# WORK TO COMPLETE:
The material below holds a span beginning at the line with "Portable meters on" and ending at the line with "写真4~8は南区古淵で、昨年". Quote that span exactly, both ends included, and only that span.

# THE DATA:
▬▬▬
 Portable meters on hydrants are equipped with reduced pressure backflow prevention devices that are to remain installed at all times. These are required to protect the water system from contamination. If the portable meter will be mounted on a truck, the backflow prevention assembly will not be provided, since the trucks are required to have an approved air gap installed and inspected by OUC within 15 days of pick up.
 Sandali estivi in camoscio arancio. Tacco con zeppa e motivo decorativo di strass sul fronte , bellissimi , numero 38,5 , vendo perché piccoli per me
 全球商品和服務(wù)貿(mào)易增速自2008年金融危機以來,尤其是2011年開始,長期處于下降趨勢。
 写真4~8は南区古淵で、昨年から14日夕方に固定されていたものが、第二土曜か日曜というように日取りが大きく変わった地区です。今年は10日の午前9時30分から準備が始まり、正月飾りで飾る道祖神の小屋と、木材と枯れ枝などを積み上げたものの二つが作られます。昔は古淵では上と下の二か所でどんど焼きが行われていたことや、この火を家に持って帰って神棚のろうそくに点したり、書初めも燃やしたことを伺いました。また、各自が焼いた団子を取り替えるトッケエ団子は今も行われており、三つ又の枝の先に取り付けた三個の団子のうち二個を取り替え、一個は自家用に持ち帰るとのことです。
▬▬▬
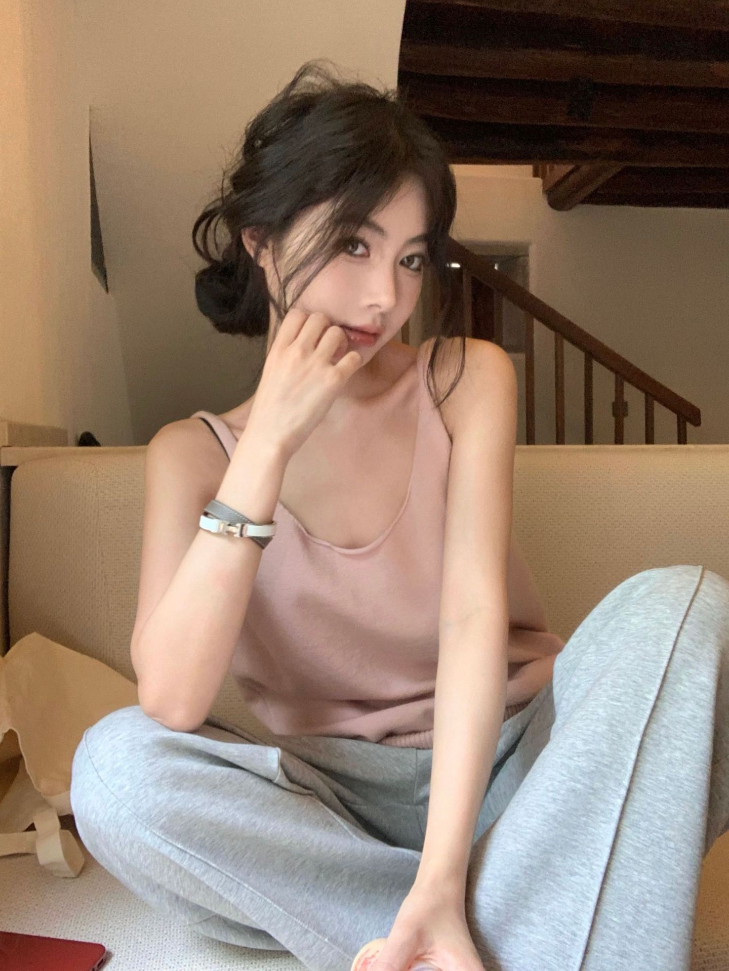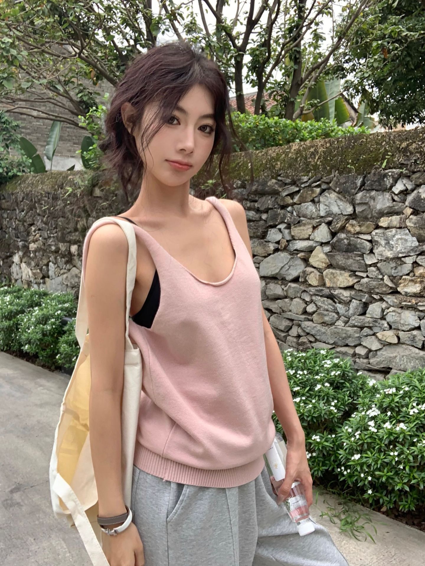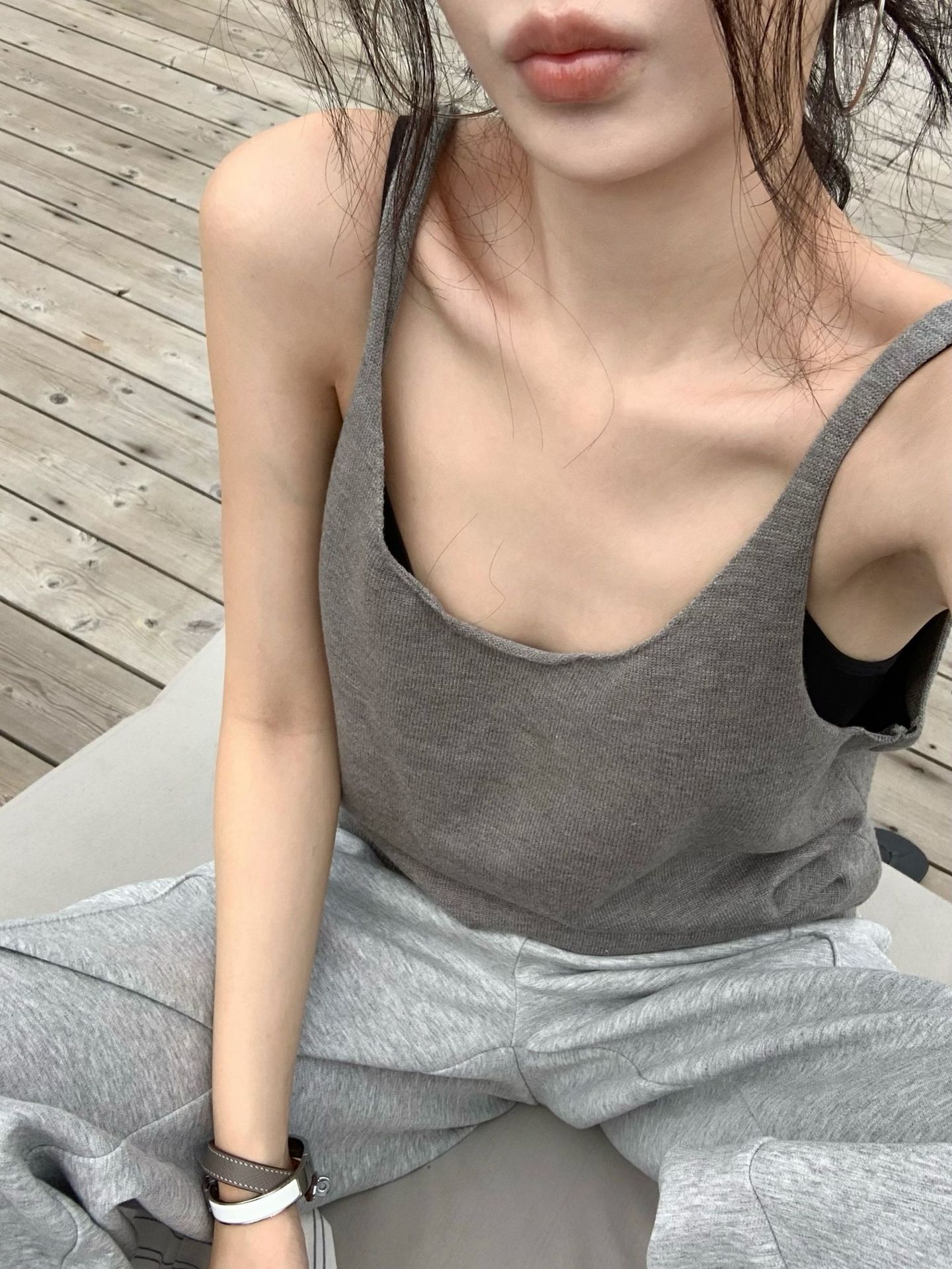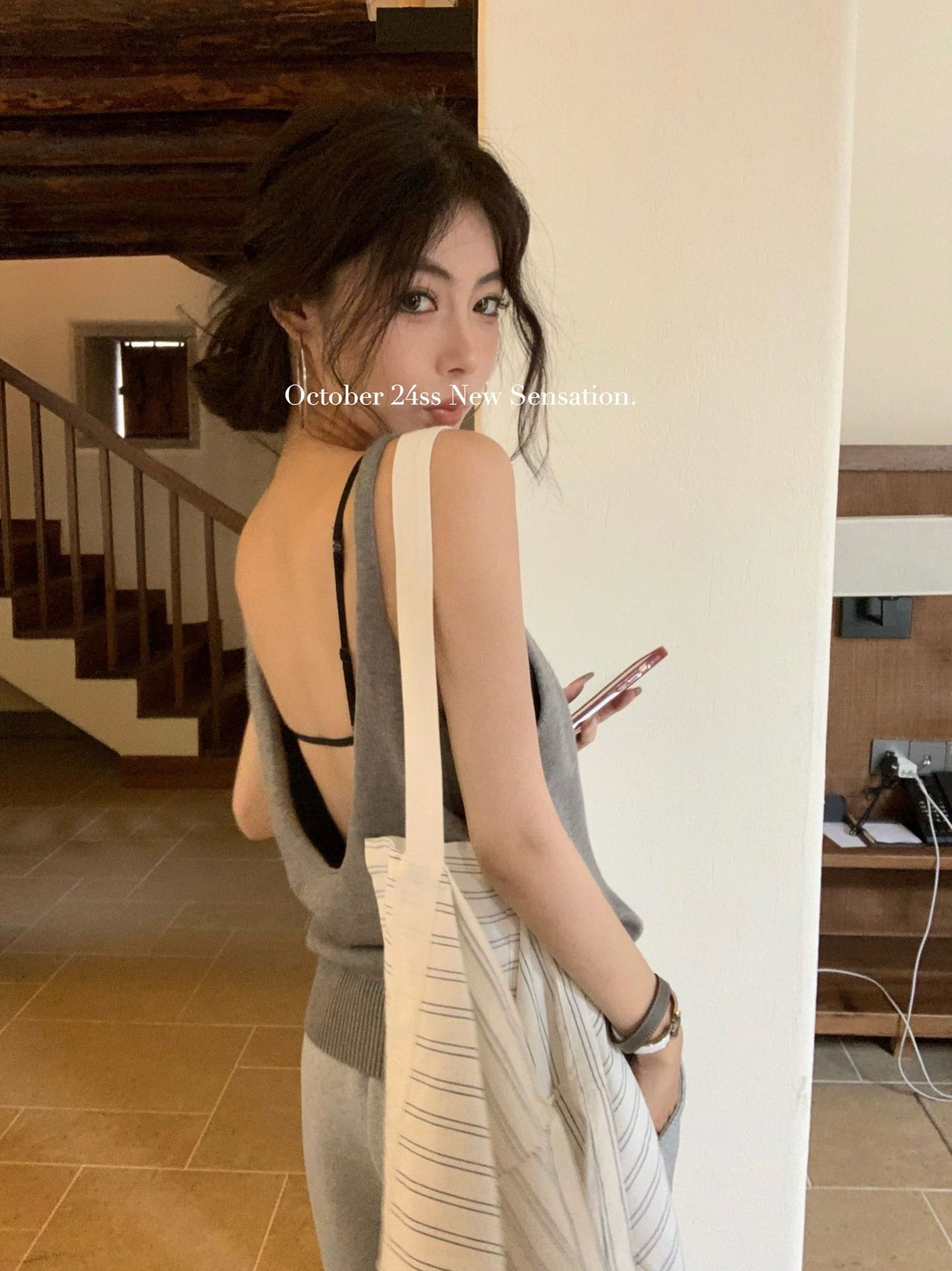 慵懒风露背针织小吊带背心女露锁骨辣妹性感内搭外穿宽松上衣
▬▬▬
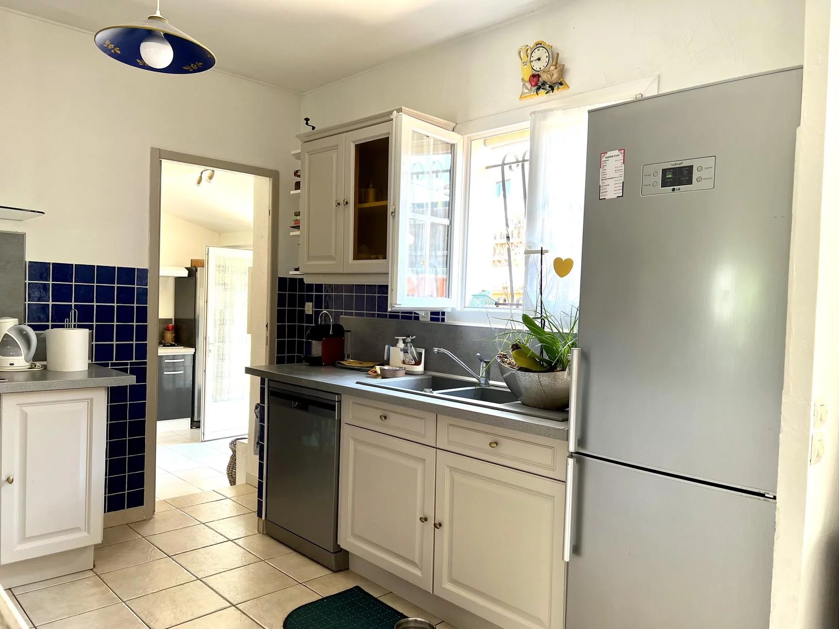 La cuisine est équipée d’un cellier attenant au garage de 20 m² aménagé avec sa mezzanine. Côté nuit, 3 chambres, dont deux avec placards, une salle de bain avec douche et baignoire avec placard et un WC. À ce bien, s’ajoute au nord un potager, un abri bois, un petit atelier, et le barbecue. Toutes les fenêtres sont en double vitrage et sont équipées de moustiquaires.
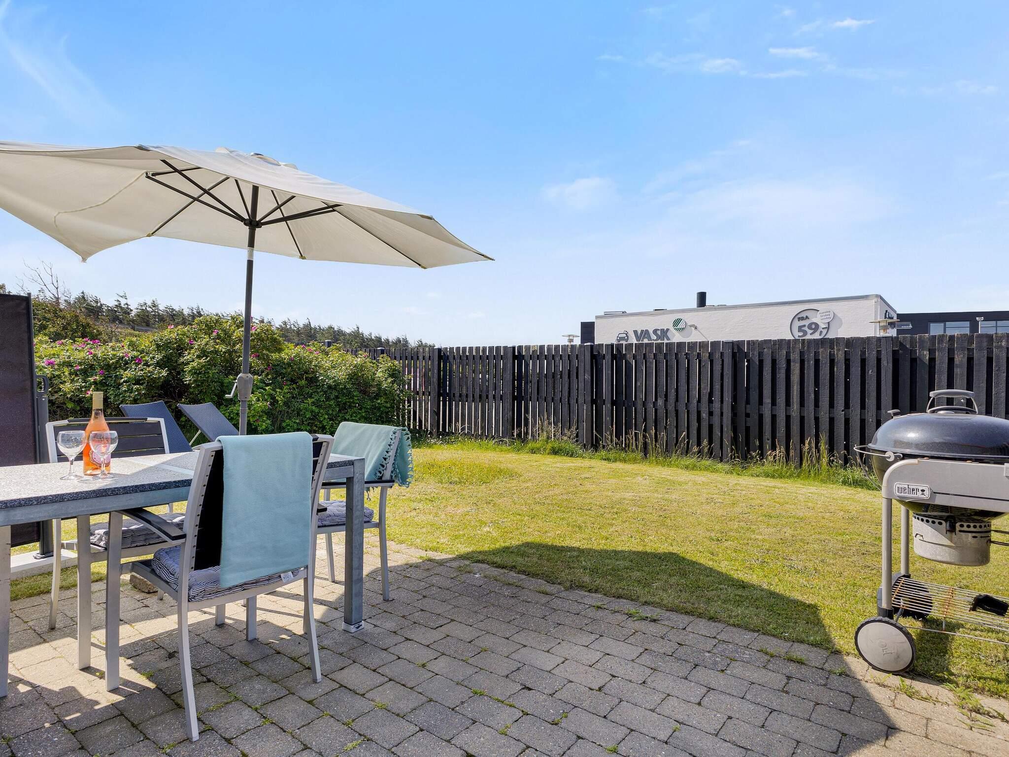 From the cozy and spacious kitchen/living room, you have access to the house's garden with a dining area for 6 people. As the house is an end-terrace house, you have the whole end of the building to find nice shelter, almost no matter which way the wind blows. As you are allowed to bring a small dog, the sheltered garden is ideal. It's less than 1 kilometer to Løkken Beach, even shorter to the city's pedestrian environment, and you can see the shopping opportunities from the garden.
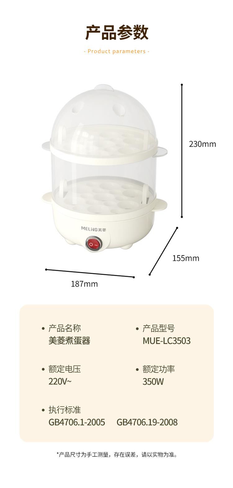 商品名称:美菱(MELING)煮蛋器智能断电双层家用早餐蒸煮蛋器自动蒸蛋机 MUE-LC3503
▬▬▬
# ANSWER SPACE:
 Portable meters on hydrants are equipped with reduced pressure backflow prevention devices that are to remain installed at all times. These are required to protect the water system from contamination. If the portable meter will be mounted on a truck, the backflow prevention assembly will not be provided, since the trucks are required to have an approved air gap installed and inspected by OUC within 15 days of pick up.
 Sandali estivi in camoscio arancio. Tacco con zeppa e motivo decorativo di strass sul fronte , bellissimi , numero 38,5 , vendo perché piccoli per me
 全球商品和服務(wù)貿(mào)易增速自2008年金融危機以來,尤其是2011年開始,長期處于下降趨勢。
 写真4~8は南区古淵で、昨年から14日夕方に固定されていたものが、第二土曜か日曜というように日取りが大きく変わった地区です。今年は10日の午前9時30分から準備が始まり、正月飾りで飾る道祖神の小屋と、木材と枯れ枝などを積み上げたものの二つが作られます。昔は古淵では上と下の二か所でどんど焼きが行われていたことや、この火を家に持って帰って神棚のろうそくに点したり、書初めも燃やしたことを伺いました。また、各自が焼いた団子を取り替えるトッケエ団子は今も行われており、三つ又の枝の先に取り付けた三個の団子のうち二個を取り替え、一個は自家用に持ち帰るとのことです。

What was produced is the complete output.